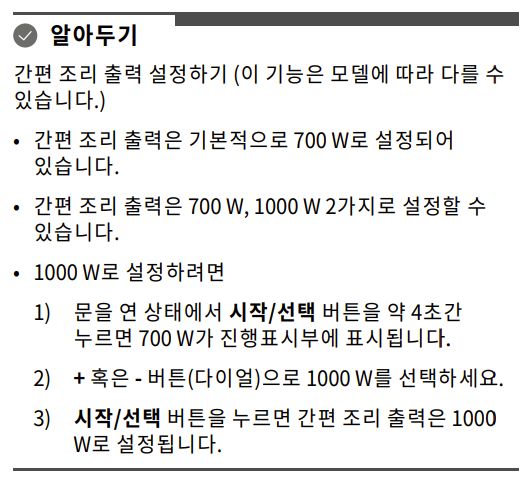 (아니면 그냥 전자레인지 본체 어디에 붙일 수 있도록 기능설명을 코팅지 카드로 제공해도 나쁘지 않을 것 같다. 기능설명 글씨가 좀 작다)
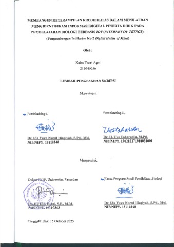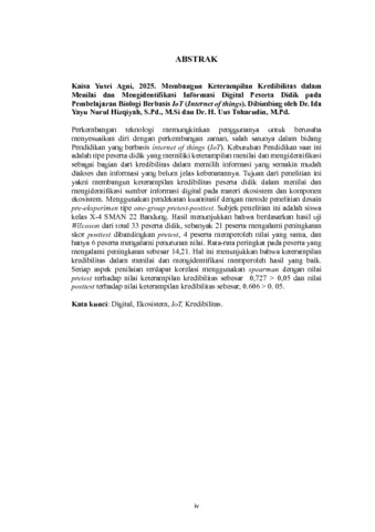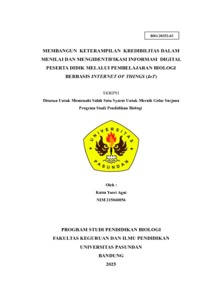Agni Kaisa Yusri, 215040056 (2025) MEMBANGUN KETERAMPILAN KREDIBILITAS DALAM MENILAI DAN MENGIDENTIFIKASI INFORMASI DIGITAL PESERTA DIDIK MELALUI PEMBELAJARAN BIOLOGI BERBASIS INTERNET OF THINGS (IoT). Skripsi(S1) thesis, FKIP UNPAS.
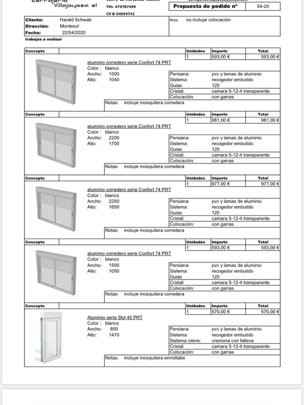 wir sind eurem Rat gefolgt und habe zwei weitere Kostenvoranschläge machen lassen. Einer steht noch aus, diesen haben wir bekommen. Er soll dem teureren von den beiden zuletzt geposteten Voranschlägen mehr oder weniger entsprechen. Was sagt ihr dazu? Sind diese einigermaßen vergleichbar? Der Preis unterscheidet sich ja schon ziemlich (sicher vermute ich, dass auch hier die IVA noch dazukommt).
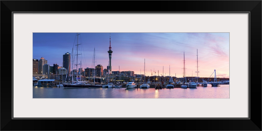 <p>Viaduct Harbour and Sky Tower at sunset, Auckland, North Island, New Zealand</p>
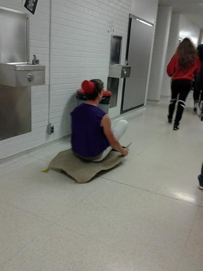on halloween this guy dressed up as aladdin and glued a carpet to his skaboard and made his way through the halls like this
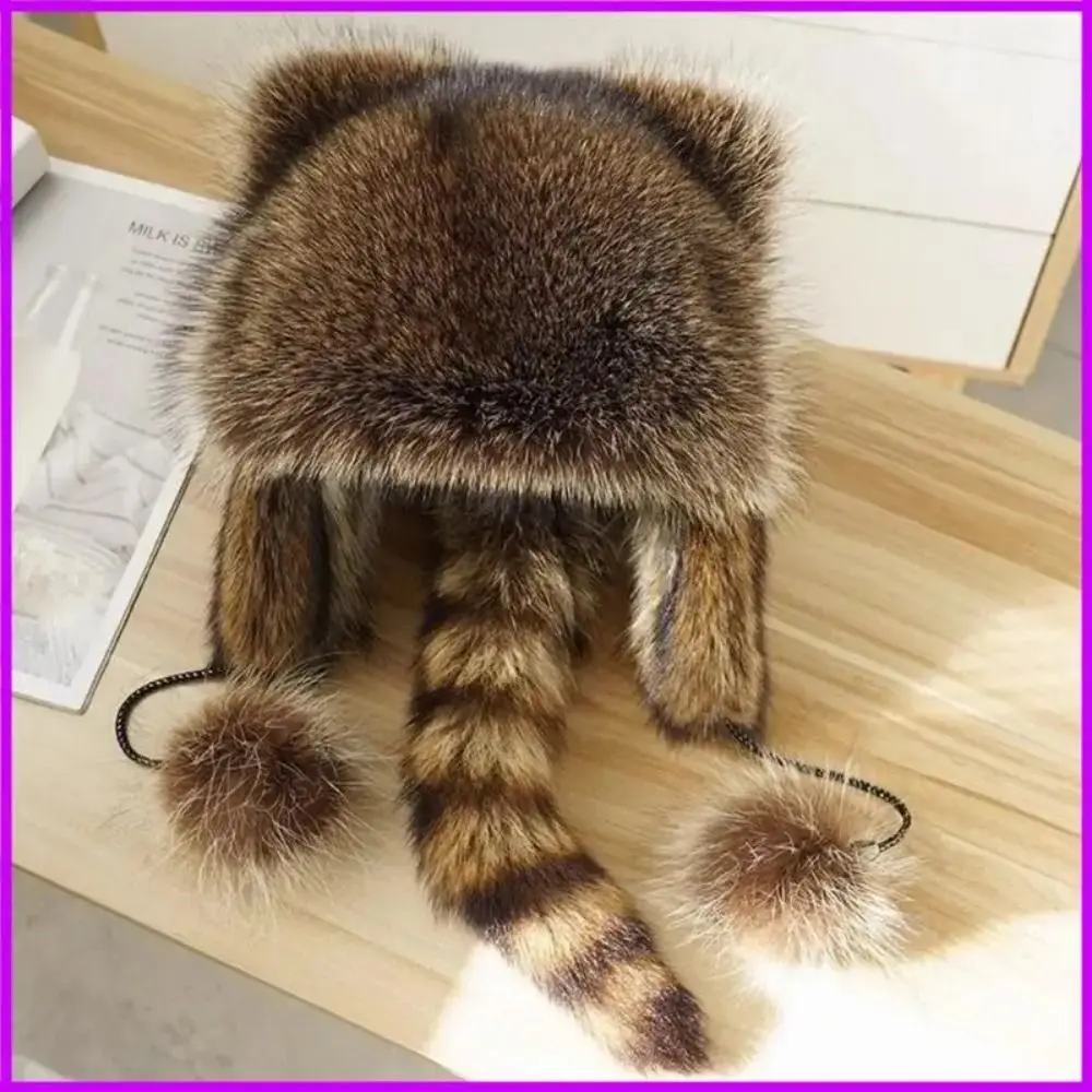 Niedlicher Eltern-Kind-Waschbär-Schwanzhut, dicke warme Ohren, modisches Design, Helm-Innenfutter, kältebeständiges, verdickendes Material, Hut für die Wintersaison
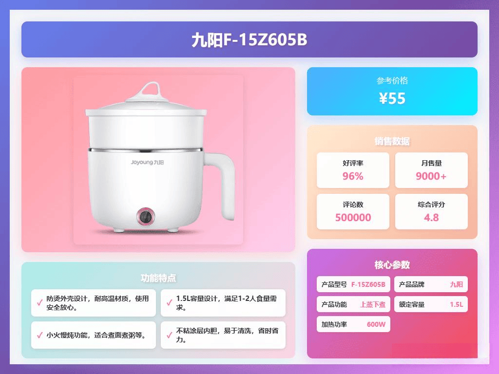亮点:1.5L小容量、多档火力调节、不锈钢内胆、可蒸煮双模式
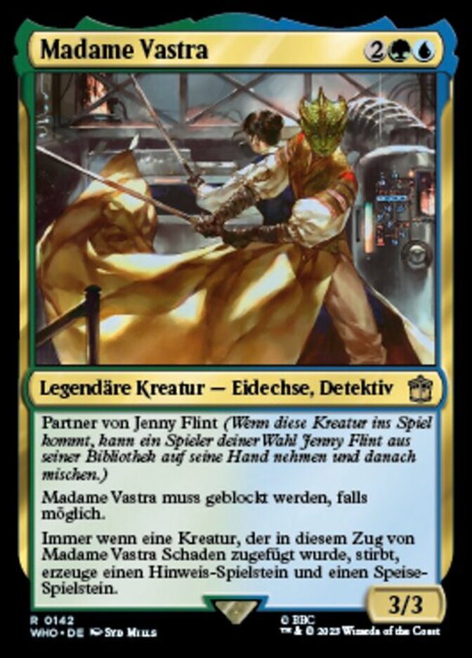 | Rules | Partner with Jenny Flint (When this creature enters the battlefield, target player may put Jenny Flint into their hand from their library, then shuffle.) Madame Vastra must be blocked if able. Whenever a creature dealt damage by Madame Vastra this turn dies, create a Clue token and a Food token. |
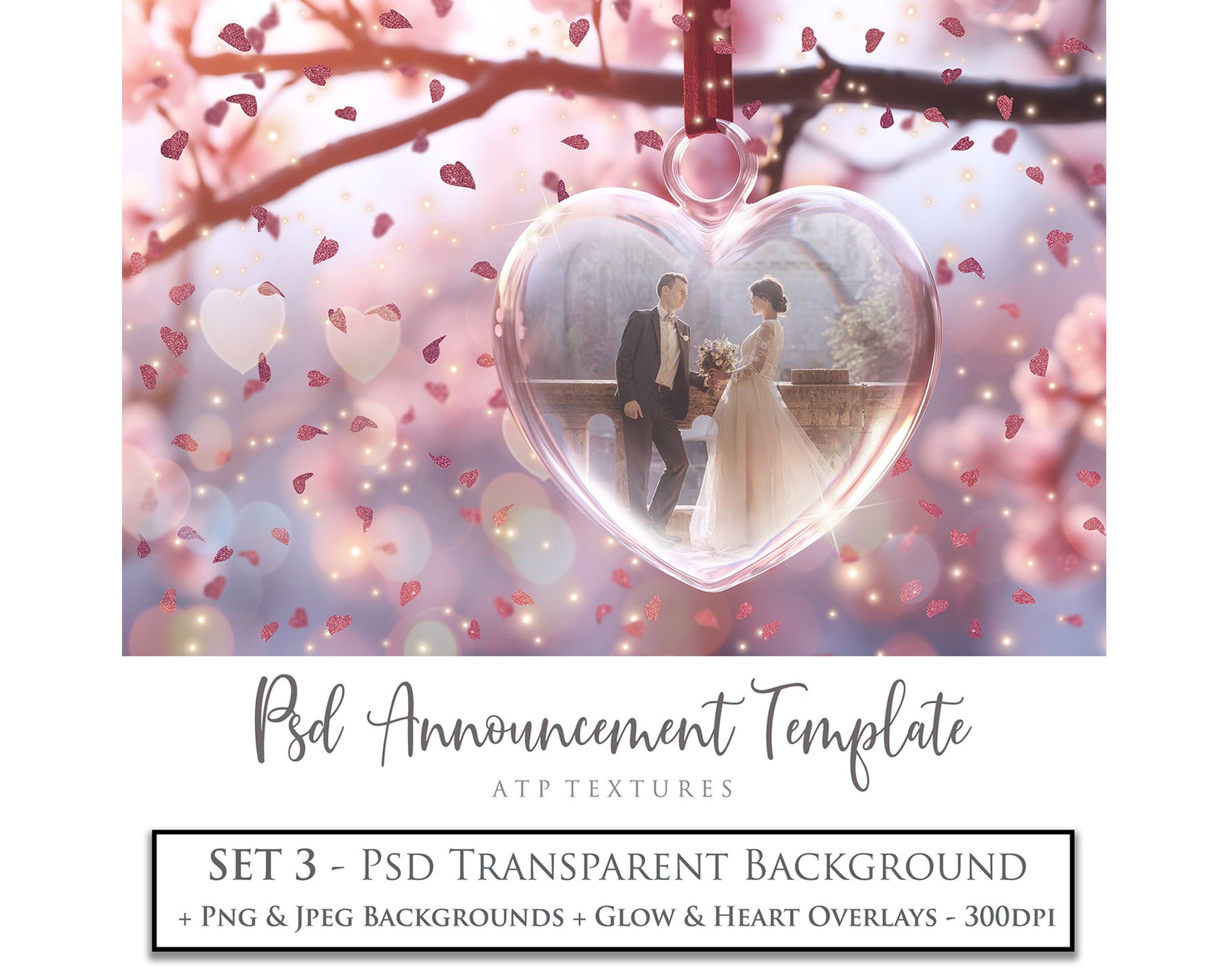 Digital Glass Heart Bauble Background, with snow flurries and a PSD Template included in the set.
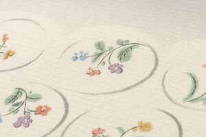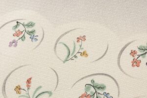 「図案には花鳥風月や有職文様などの文様調のものが用いられる」「基調の色が決まっておらず多くの色を使用した鮮やかな色合いである」「金銀箔が施されている」ことが特徴です。糊を使って筆で色付けする際に滲んで色移りすることを防ぐ 「糸目糊」という技術が用いられています。
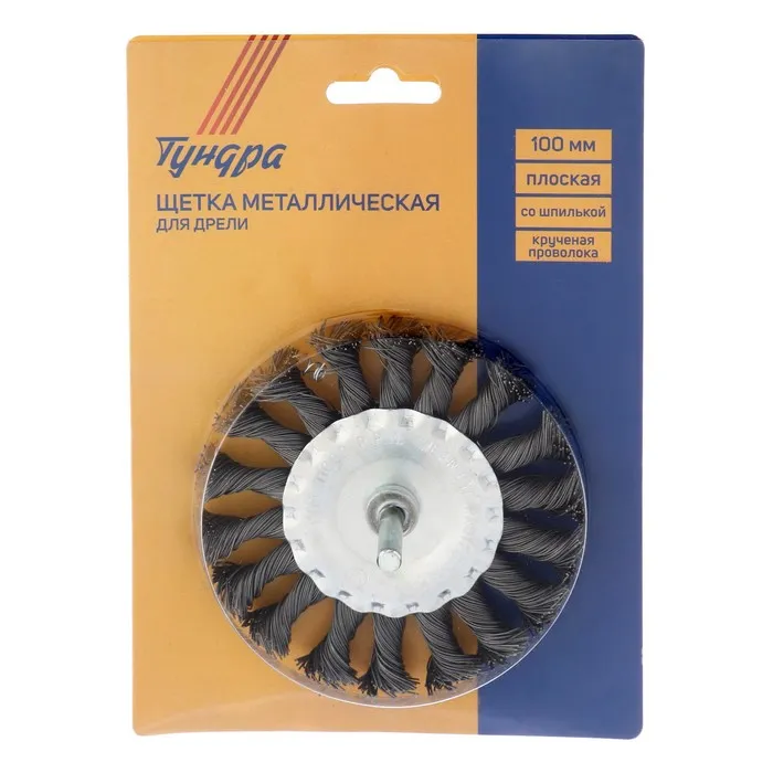 Щетка металлическая для дрели ТУНДРА, со шпилькой, крученая проволока, плоская, 100 мм — Характеристики
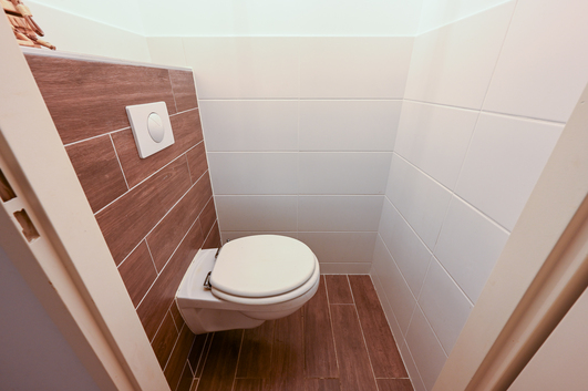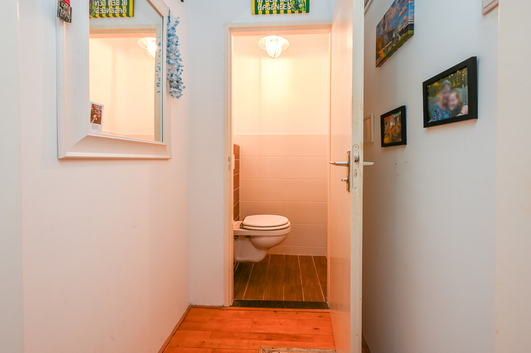 Via een tussenhal bereikt u het moderne toilet, uitgevoerd met een hangcloset en inbouwreservoir.
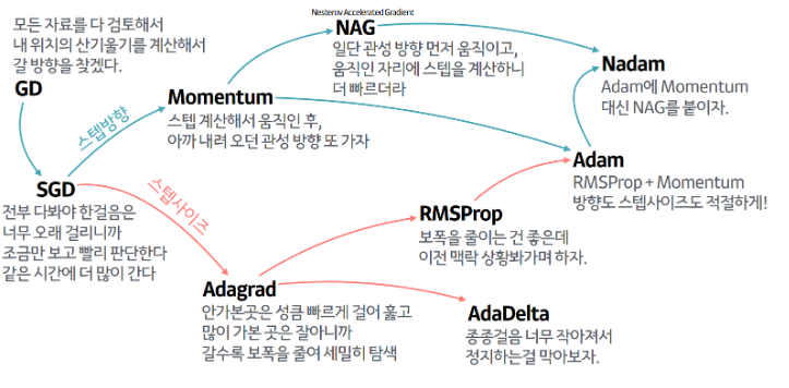 - 딥러닝 모델의 손실(loss)을 최소화하기 위해 가중치를 조금씩 조정하는 최적화 알고리즘
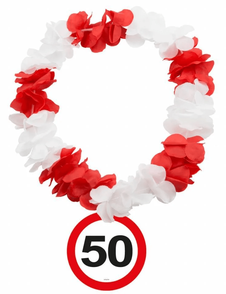 Pakkens indhold: Hawaii krans 50 års trafikskilt
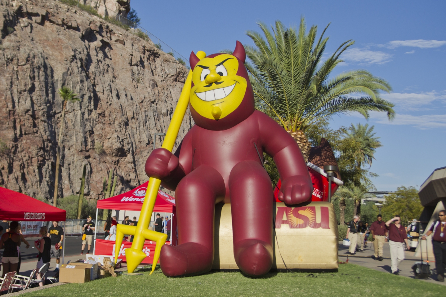 A large blow up of ASU's mascot, Sparky stands guard outside of the stadium.
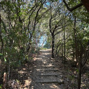 横山展望台の、道。(続) 登って行きたくなるでしょ♡^_^ 駐車場から数分でいくつかの見晴台が繋がっていて、よく整備されているので山歩きに慣れていなくても大丈夫🙆 当日も樹木の伐採(剪定)の方が入られていて、こうやって人の手で美しく安全に管理されているんだなぁ、と実感しました♪ 感謝♡ 3枚目は道から見た斜面です
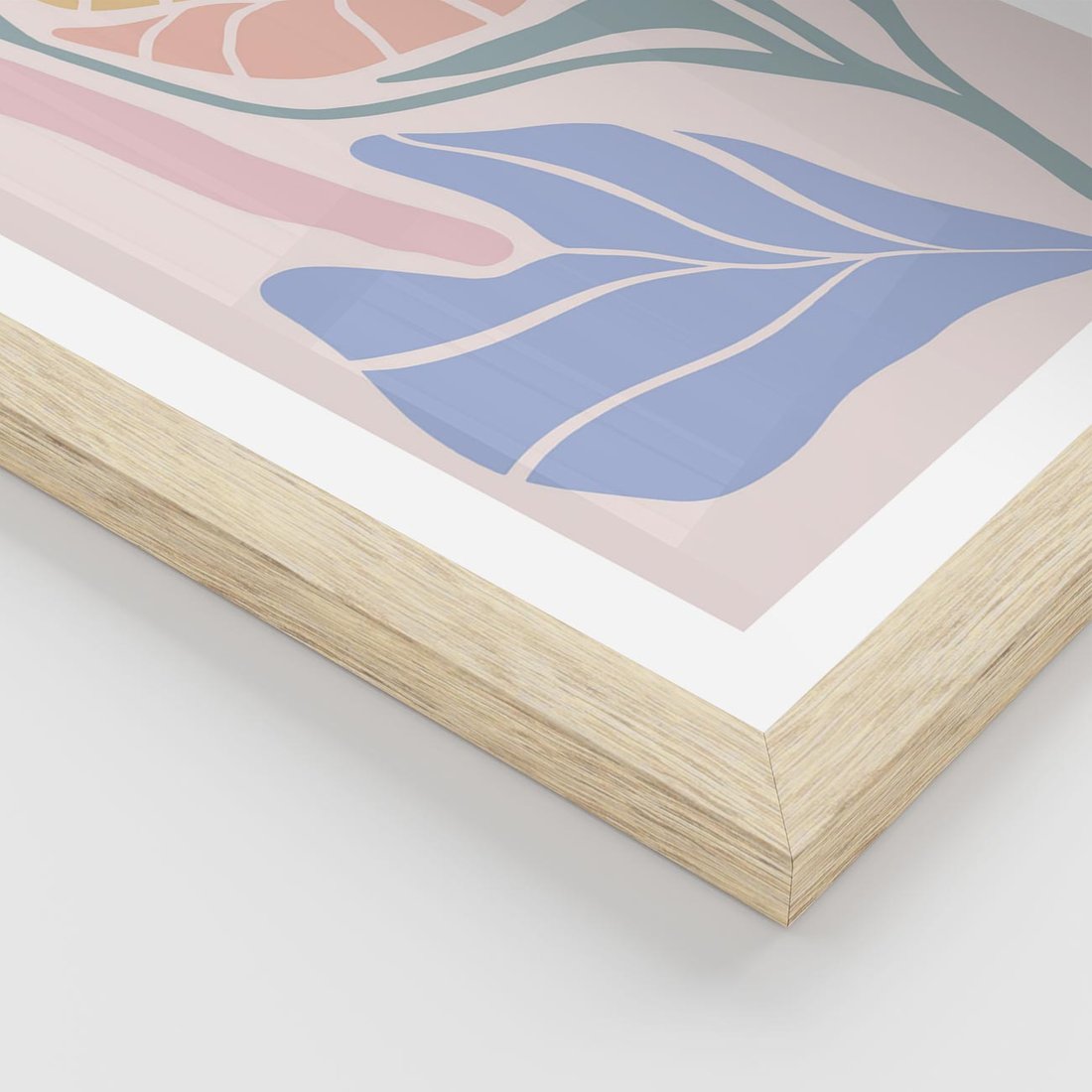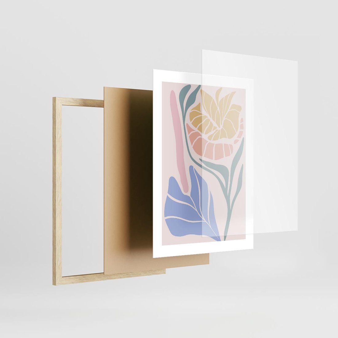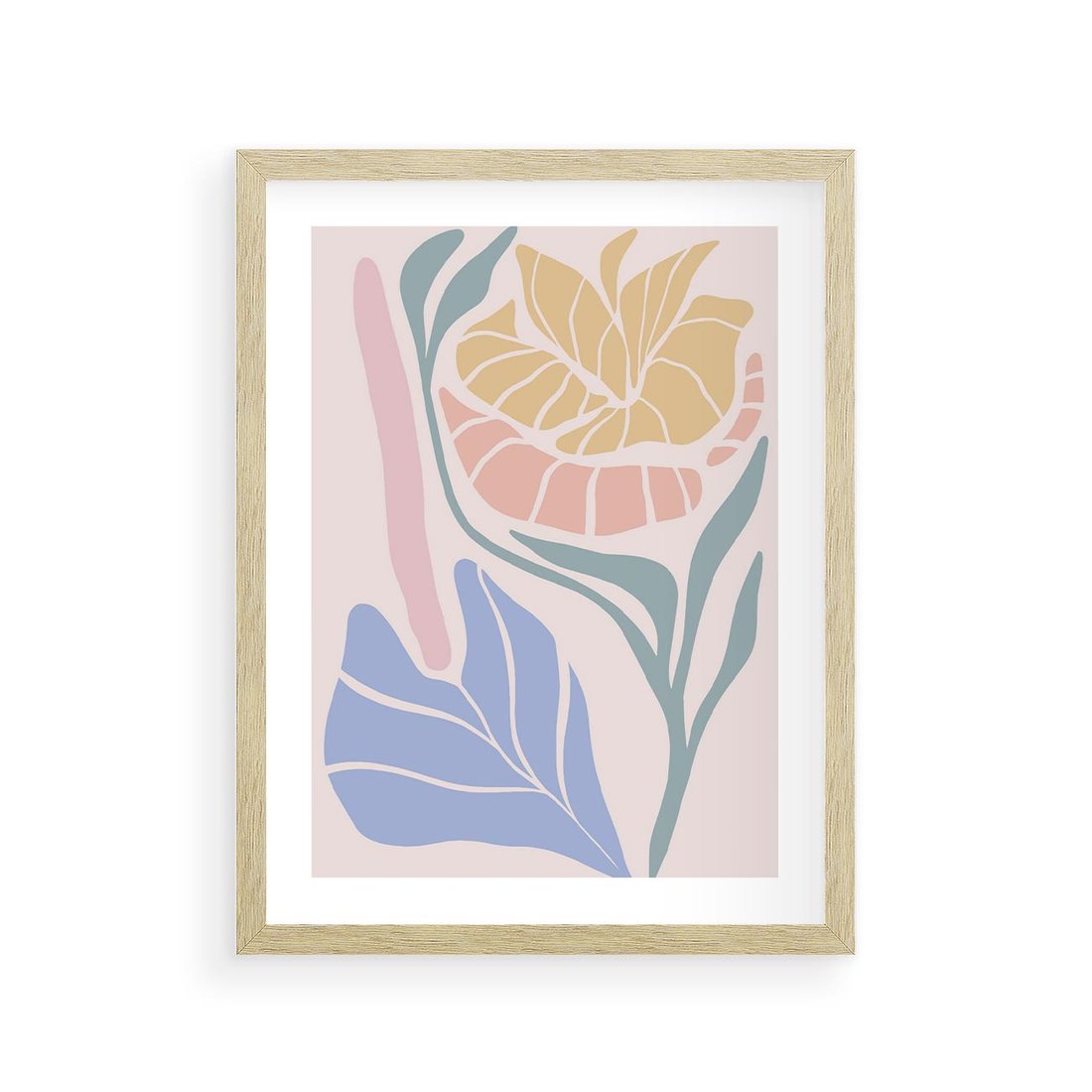 Plakat w ramie 30x40 - Wyjątkowe Ukojenie - pastelowe kwiaty, na beżowym tle - rama drewno

##############################

Instructions to follow: The lines above from the line with "<p>Viaduct Harbour and" through the line with "亮点:1.5L小容量、多档火力调节、不锈钢内胆、可蒸煮双模式" are to be given again word for word, with no pictures among them.

Your response:
 <p>Viaduct Harbour and Sky Tower at sunset, Auckland, North Island, New Zealand</p>
on halloween this guy dressed up as aladdin and glued a carpet to his skaboard and made his way through the halls like this
 Niedlicher Eltern-Kind-Waschbär-Schwanzhut, dicke warme Ohren, modisches Design, Helm-Innenfutter, kältebeständiges, verdickendes Material, Hut für die Wintersaison
亮点:1.5L小容量、多档火力调节、不锈钢内胆、可蒸煮双模式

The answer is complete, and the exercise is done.